1/2 the Fat ready for the freezer...I spread it out in 2 pans so it would freeze faster.





While that is chilling, measured out the pepper flakes and powders...and it was a lot!






The Calabrese Hot peppers packed in oil...Local store just started carrying them; imported from Italy.





The cold meat and fat in one tote ready for the grinder....27-30*F...





First grind thru 6mm plate, Hot calabrian peppers on top so I don't forget to grind them with the second grind.





second grind thru 4.5mm plate. You want it to look like spaghetti. It should exit the grinder in long individual strings that pile up in the tub.





The peppers, salt, cure and wine added....ready to mix.





Inda fermentation can so the mince can warm before transfer to maturing chamber...





What was left in the stuffer hopper...That went into the fridge to eat later on bruschetta.






And some sample bruschetta....to check the flavor profile and the heat. Flavor will intensify with age, and the heat is good...not to hot, just enough heat to let you know it is there with a slight lingering residual bite from the peppers.










I put them in the toaster oven for abut 40 minutes while I trussed the salami. I was going to use beef bungs, but figured I would not have enough room to hang the odd shaped pieces with all I have going currently so I opted for 60-65mm beef middles for a more uniform shape that will take up less space. Those will dry faster anyhow.
Now...my chamber is officially full again!! LOL!!!


----------



## SmokinAl (Apr 12, 2022)

Dang gone bro!
Your gonna have to get a bigger drying chamber!!
Al


----------



## indaswamp (Apr 12, 2022)

SmokinAl said:


> Dang gone bro!
> Your gonna have to get a bigger drying chamber!!
> Al


I'm waiting on parts Al!! LOL!
https://www.smokingmeatforums.com/t...r-build-42cu-ft-stainless-double-door.314028/


----------



## tx smoker (Apr 12, 2022)

Here you go again you big tease    You just love dangling the bait out there to see how may people bite....then leave us hanging longer than your salumi hangs waiting till it's done.
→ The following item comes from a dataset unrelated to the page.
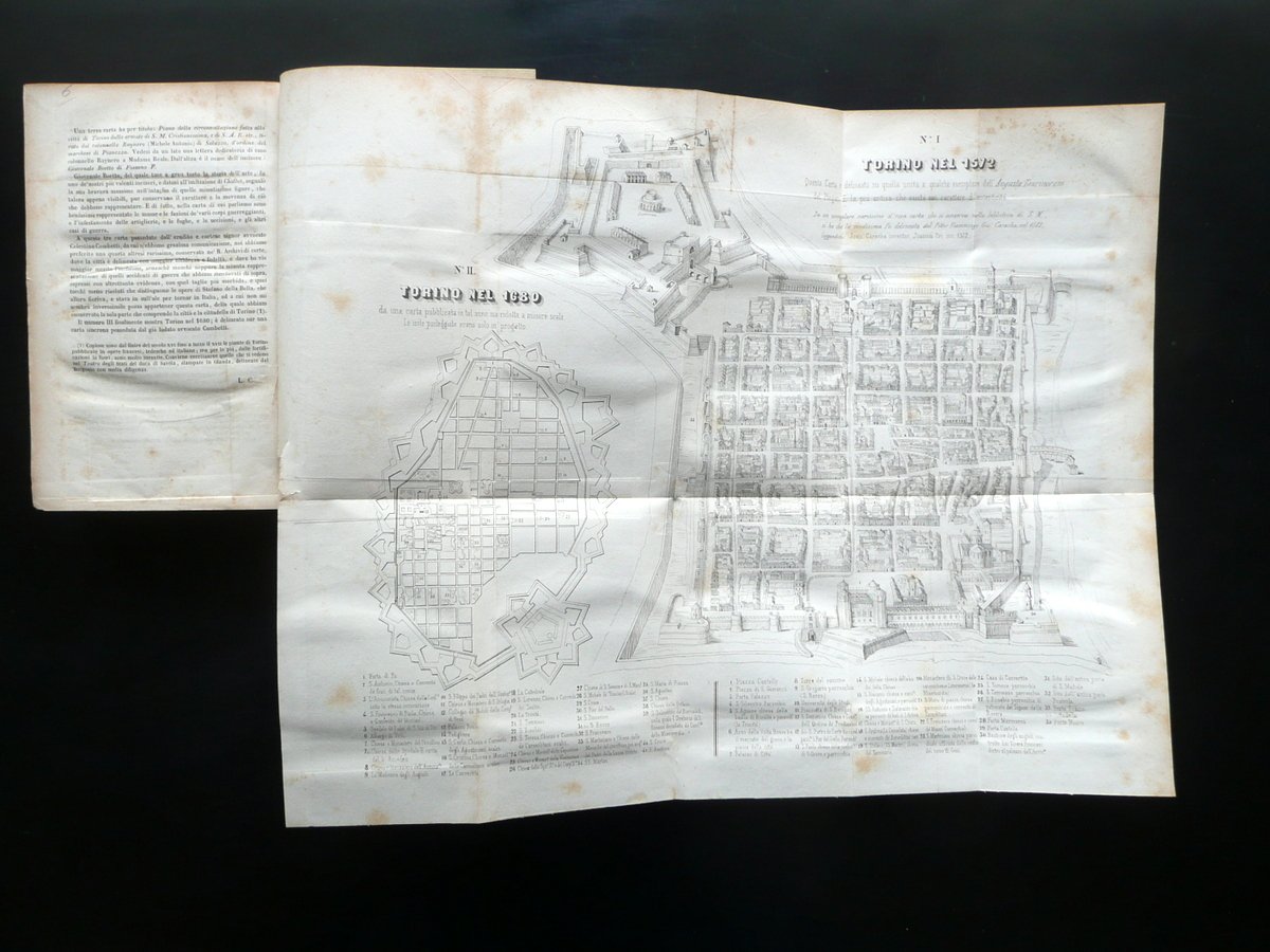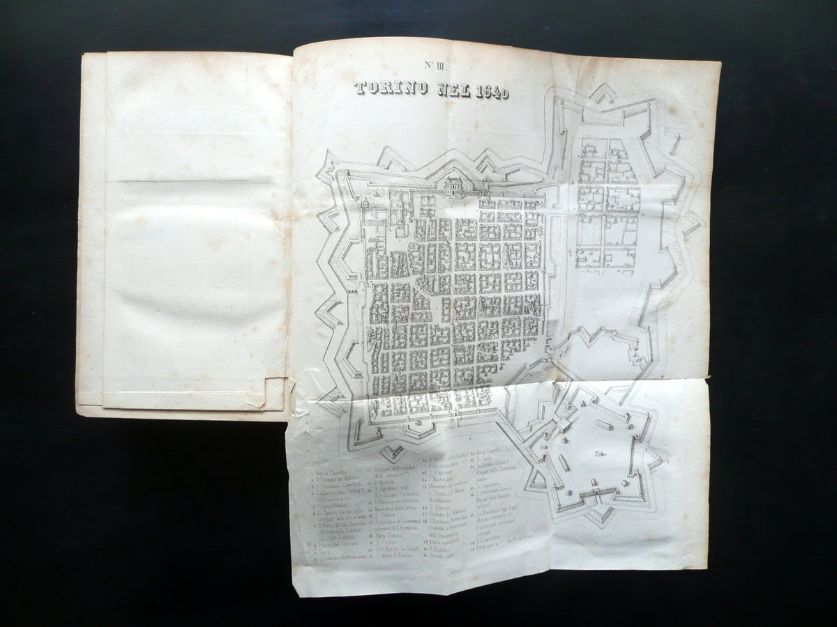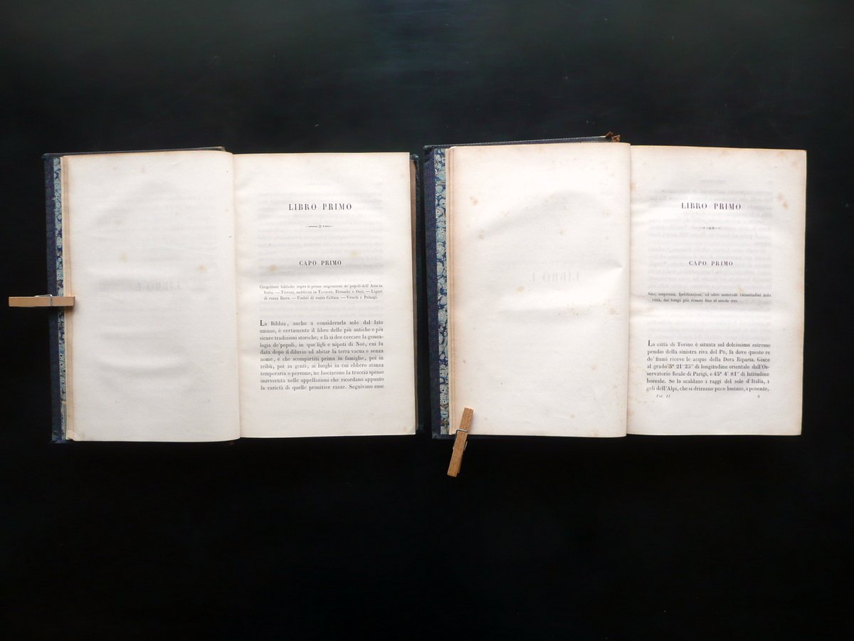Luigi Cibrario, Storia di Torino del Cav. Luigi Cibrario Volume primo - secondo (opera completa in due volumi) Per Alessandro Fontana, Torino 1846; cm 20,5x13,5; pp. X-532 (volume I); pp. 780, pi√π due tavole incise in b/n e rip. pi√π volte fuori t. (volume II); legatura d'epoca in mezza pelle con titolo e fregi impressi in oro al dorso con nervature. Antiporta di ciascun volume con nome del precedente proprietario annotato a penna. Opera completa in due volumi. Condizioni di conservazione Volumi entrambi ben conservati con tracce d'uso, coperta con poche circoscritte mancanze e piccole / minime abrasioni principalmente al dorso. Interni buoni con alcune leggere bruniture; cerniere interne fessurate ma esemplari compatti; una tavola incisa con piccolo strappetto (vedi foto). Opera completa in due volumi. SETT175.L15791 N

Another one I can't wait to see finished.

Robert


----------



## BGKYSmoker (Apr 12, 2022)

Outstanding.

I gotta quit talking about it and get back in the game.


----------



## Sven Svensson (Apr 12, 2022)

Any time I see 

 indaswamp
 make something I cannot pronounce, I know it’s going to be amazing!


----------



## indaswamp (Apr 12, 2022)

tx smoker said:


> Here you go again you big tease    You just love dangling the bait out there to see how may people bite....then leave us hanging longer than your salumi hangs waiting till it's done. Another one I can't wait to see finished.
> 
> Robert


But I do post updated chamber pics! LOL!! The Nduja should be done in 2 month in 60-65mm casing. Only needs to lose about 18-20% with the small amount of meat for the Aw to be safe.



BGKYSmoker said:


> Outstanding.
> 
> I gotta quit talking about it and get back in the game.


Yeah, you should. But if ya got too much going on, I completely understand...



Sven Svensson said:


> Any time I see
> 
> indaswamp
> make something I cannot pronounce, I know it’s going to be amazing!


Thanks Sven! It's pronounced (N-Du-ya); a spicy spreadable salami from Spilinga, Calabria. First time I made it I did not have Calabrian peppers and subbed tabasco peppers with sweet red bell peppers. It was good, but too hot....even for my tastes as I like hot foods. This go around, hot Calabrian peppers were used. Much better...I love the smokey deep rich flavor with a touch of heat! It is perfect!


----------



## indaswamp (Apr 12, 2022)

Oh- and I saved the Calabrian pepper oil from the jar! Man that stuff is incredible! Can't wait to cook with it!!


----------



## jcam222 (Apr 12, 2022)

Looks great! I really like Nduja. 

 xray
 using it for a dish on here was the first time I heard about it. I stuffed chicken breast with it and did it Parmesan style and man was it good. https://www.smokingmeatforums.com/threads/italian-night-nduja-stuffed-chicken-breast-dinner.295432/


----------



## indaswamp (Apr 12, 2022)

jcam222 said:


> Looks great! I really like Nduja.
> 
> xray
> using it for a dish on here was the first time I heard about it. I stuffed chicken breast with it and did it Parmesan style and man was it good. https://www.smokingmeatforums.com/threads/italian-night-nduja-stuffed-chicken-breast-dinner.295432/


Thanks jcam222. I remember those nduja stuffed chickens you did...looked awesome!


----------



## Nefarious (Apr 12, 2022)

These and all of your other posts look amazing, I think it's time to start making a business from all of this.  It all looks so good, I want a taste of every one.  Maybe I need to visit the Inda Tasting room.  This is impressive the 'don't want to use the wrong term' meat you have made.  Hats off for sure.


----------



## indaswamp (Apr 12, 2022)

Thanks 
N
 Nefarious
. But even with the boom of interest in charcuterie in the U.S., there just isn't any money in Artisan craft meats. Artisans do it for the love of the product and to share it. Not to mention the massive amount of regulations here in the U.S. that make it very difficult and expensive to produce on a small scale. What I do is a passion of mine because I am a super taster; i.e the quest for the ultimate flavor experience through fermented meats....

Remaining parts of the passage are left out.